One time I was with him in a children's clothing store he stripped down and ran around the store laughing. It took a while to catch him. Everyone in the store acted horrified.

He was such a joy to raise.. 

I think it's best to teach your child that it's not ok because it's not ok in our society. Where is he going naked? At home?


----------



## autism brother (Apr 27, 2020)

EleGirl said:


> How old is he?
> 
> When my son was very young (under 6) he started to strip down every time anyone visited us. I have no idea why he did it. LOL
> 
> ...


Yes. He's not a child he has autism and had six (6) brain surgeries. He's 27 yrs old. (I don't have kids) I don't know y I said that. Lol

But you son was just being a kid when he ran naked in the store people should know not to act shocked when it's a little kid. My bro on the other hand people act shocked just because we let him be naked at home. (We have signs.) Lol


----------



## EleGirl (Dec 3, 2011)

autism brother said:


> Yes. He's not a child he has autism and had six (6) brain surgeries. He's 27 yrs old. (I don't have kids) I don't know y I said that. Lol
> 
> But you son was just being a kid when he ran naked in the store people should know not to act shocked when it's a little kid. My bro on the other hand people act shocked just because we let him be naked at home. (We have signs.) Lol


If it's at home and you have signs, I don't see the problem.

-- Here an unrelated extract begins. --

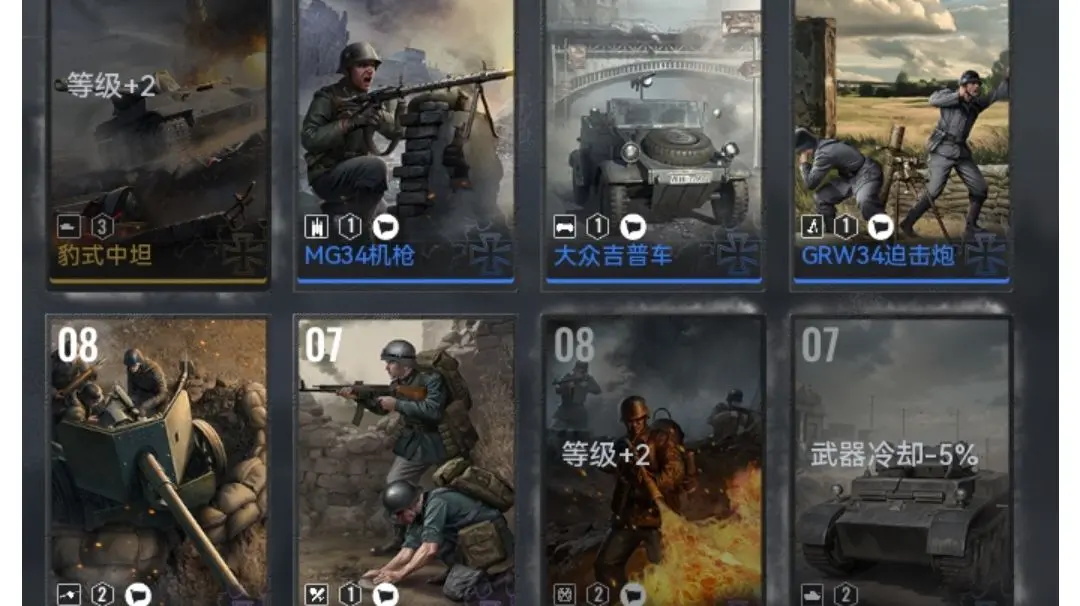 结:推荐封面上的卡组,我自己用起来感觉很舒服。卡组对卡牌要求不高,豹子可以换成四号,1级工兵和2级突击兵都可以改换先遣队和普通步兵来代替。
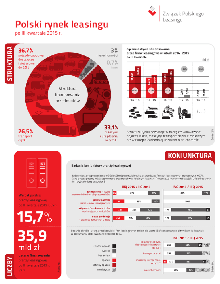 Polski rynek leasingu maszyny i urządzenia w tym IT transport ciężki -25,1% '14 '15 '14 '15 '14 '15 '14 '15 0,249 +13,7% 0,332 +12,8 % '14 '15 Struktura rynku pozostaje w miarę zrównoważona: pojazdy lekkie, maszyny, transport ciężki, z mniejszym niż w Europie Zachodniej udziałem nieruchomości. Źródło: ZPL 33,1% 26,5% +17,4 % 1,091 Struktura finansowania przedmiotów +83,7% 0,594 inne mld zł 11, 885 0,7% 10,451 nieruchomości 9,514 pojazdy osobowe, dostawcze i ciężarowe do 3,5 t Łączne aktywa sfinansowane przez firmy leasingowe w latach 2014 i 2015 po III kwartale 8,431 3% 13,156 36,7% 11,206 STRUKTURA po III kwartale 2015 r. KONIUNKTURA IIIQ’I4 IIIQ’I5 Badania koniunktury branży leasingowej Badanie jest przeprowadzane wśród osób odpowiedzialnych za sprzedaż w firmach leasingowych zrzeszonych w ZPL. Dane dotyczą oceny mijającego okresu oraz trendów w kolejnym kwartale. Procentowe kwoty określają jaki udział badanych firm wybrało daną odpowiedź. IIIQ 2015 / IIQ 2015 zatrudnienie – liczba pracowników i współpracowników Wzrost polskiej branży leasingowej po III kwartale 2015 r. (r/r) jakość portfela – liczba umów rozwiązanych 15,7% 35,9 aktywność rynkowa – liczba wpływających wniosków nowa produkcja – wartość zawartych umów Badanie określa jak wg. przedstawicieli firm leasingowych zmieni się wartość sfinansowanych aktywów w IV kwartale w porównaniu do III kwartału bieżącego roku. wzrost bez zmian spadek istotny spadek nie dotyczy pojazdy osobowe, dostawcze i ciężarowe do 3,5 t IVQ 2015 / IIIQ 2015 transport ciężki maszyny i urządzenia w tym IT nieruchomości Źródło: ZPL istotny wzrost Źródło: ZPL LICZBY mld zł Łączne finansowanie branży leasingowej po III kwartale 2015 r. (r/r) IVQ 2015 / IIIQ 2015

One thing I'd be concerned about is some busybody reporting as you all abusing a disabled person.

I assume he knows that he cannot do that outside the home. As long as he does, I see no problem.


----------



## EleGirl (Dec 3, 2011)

autism brother said:


> Is it just my bro or do you autistic kids/adults get butt naked too? Do you let them or No?


Is that your real name? If it is you might want to consider changing it to a more anonymous user name. Let me know if you want your user name changed.


----------



## autism brother (Apr 27, 2020)

EleGirl said:


> Is that your real name? If it is you might want to consider changing it to a more anonymous user name. Let me know if you want your user name changed.

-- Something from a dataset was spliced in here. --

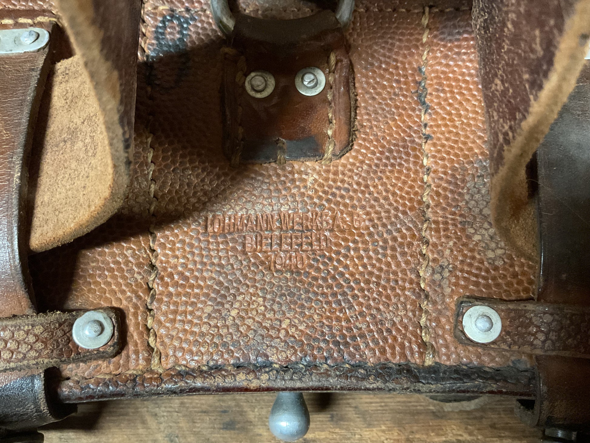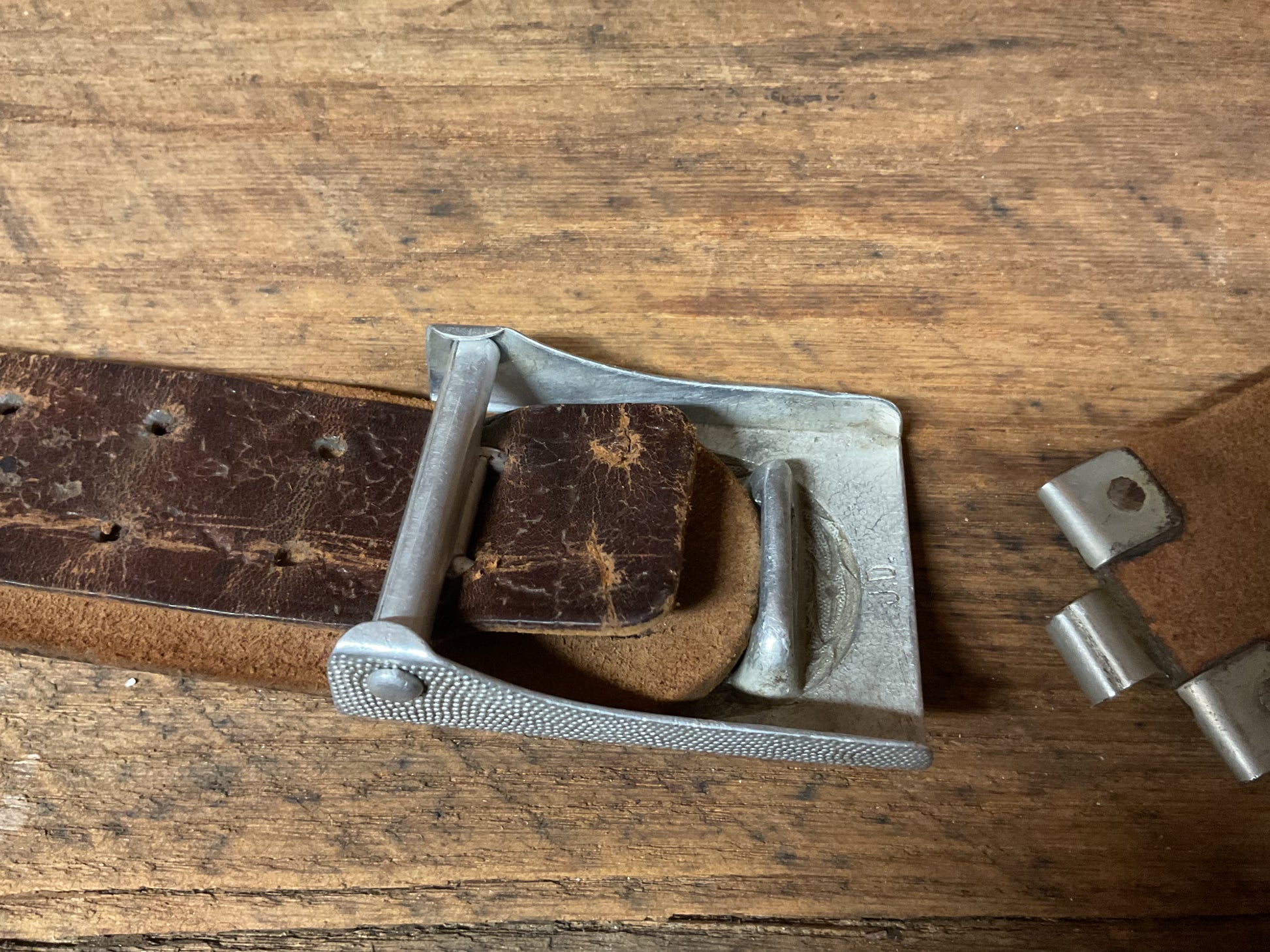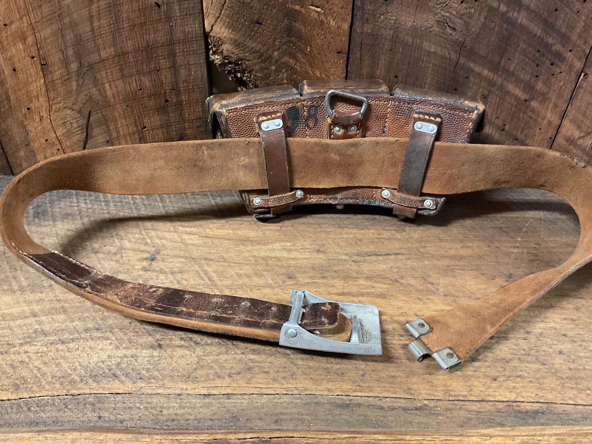 Excellent condition 1940 pattern Johannes Deutschbein Luftwaffe belt buckle with an unmarked brown leather belt and brown pigskin Lohmann Werke A.G. Bielefeld 1940 dated K98 ammo pouch.

Can you change it autism brother? I tried but it didn't work for me. Think you.


----------



## autism brother (Apr 27, 2020)

EleGirl said:


> If it's at home and you have signs, I don't see the problem.


We have to wach him because he tries to get naked EVERYWHERE. But at home we don't care some people leave like the first time my boss came he left. Lol but I said so you see the sign? And he said no. But Ill remember next time. Lol


----------



## EleGirl (Dec 3, 2011)

autism brother said:


> Can you change it autism brother? I tried but it didn't work for me. Think you.


Ok, I changed it.


----------



## autism brother (Apr 27, 2020)

EleGirl said:


> Ok, I changed it.


Thank you.


----------



## wilson (Nov 5, 2012)

I have some extended family members who are autistic and I have some knowledge from that. I haven't really heard of nudity being part of autism. Brain surgery is typically not part of the autism treatment plan, so I would assume there is something else going on that may be causing this behavior. A brain injury could definitely cause people to engage in socially unacceptable behaviors. Does he make his own medical decisions or is there another relative who does that? If someone else is in charge, you may want to ask them to speak with his doctor about this behavior to get more relevant information.


----------



## frusdil (Sep 5, 2013)

I know your brother is 27, but how old is he mentally? Is he still a child mentally? 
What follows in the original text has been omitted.